Task directions → What is needed is an exact retyping of each entry, pictures excluded.

Data for this exercise →

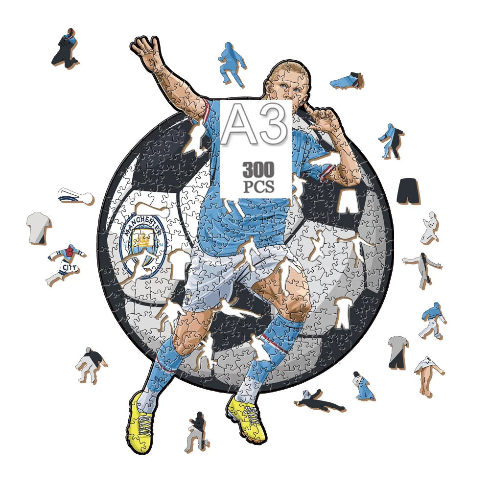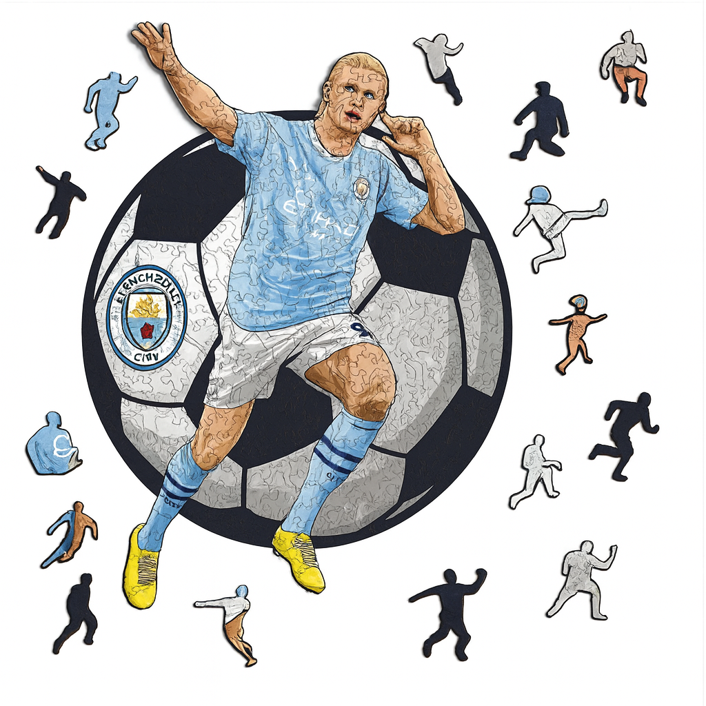 Laat de kracht en energie van Erling Haaland tot leven komen met deze unieke houten puzzel. Terwijl je elk stukje op zijn plek legt, bouw je aan een spectaculair kunstwerk dat perfect is voor fans, verzamelaars en iedereen die houdt van ontspannen puzzeltijd.
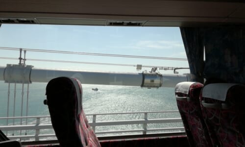 【フレーズ】Do I pay here or on the bus?《ドゥアイペイヒヤーオンナバス》【意味】料金はここで払いますか?それともバス内ですか…
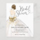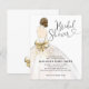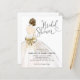 Convite para Chá de Noiva com Caligrafia em Script Elegante e Moderno Vestido de Noiva Branco e Dourado
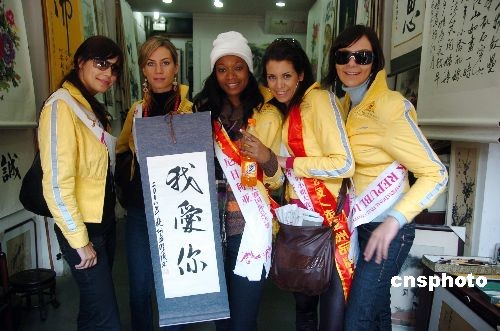 11月12日,參加2008世界模特小姐杭州巡演的60多名佳麗來到杭州“清河坊”歷史古街,與杭州市民近距離接觸,真切感受中國文化。中新社發(fā) 施健學(xué) 攝
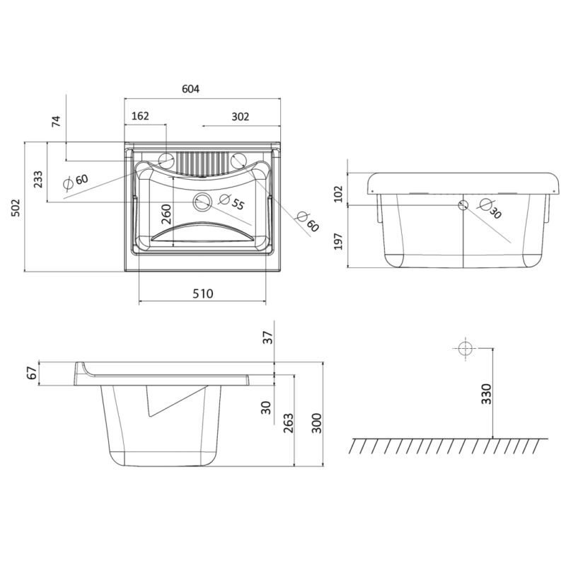 AQUALINE – Plastová výlevka so skrinkou 60×50 cm, vrátane sifónu PI6050-01
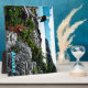 Un cuadro digital de un águila calva encaramado en un tronco de madera de deriva inundado en la costa pedregosa de Alaska; las montañas se encuentran a lo lejos. También aparece el texto "Alaska".

Reply to the task →
 Laat de kracht en energie van Erling Haaland tot leven komen met deze unieke houten puzzel. Terwijl je elk stukje op zijn plek legt, bouw je aan een spectaculair kunstwerk dat perfect is voor fans, verzamelaars en iedereen die houdt van ontspannen puzzeltijd.
 【フレーズ】Do I pay here or on the bus?《ドゥアイペイヒヤーオンナバス》【意味】料金はここで払いますか?それともバス内ですか…
 Convite para Chá de Noiva com Caligrafia em Script Elegante e Moderno Vestido de Noiva Branco e Dourado
 11月12日,參加2008世界模特小姐杭州巡演的60多名佳麗來到杭州“清河坊”歷史古街,與杭州市民近距離接觸,真切感受中國文化。中新社發(fā) 施健學(xué) 攝
 AQUALINE – Plastová výlevka so skrinkou 60×50 cm, vrátane sifónu PI6050-01
 Un cuadro digital de un águila calva encaramado en un tronco de madera de deriva inundado en la costa pedregosa de Alaska; las montañas se encuentran a lo lejos. También aparece el texto "Alaska".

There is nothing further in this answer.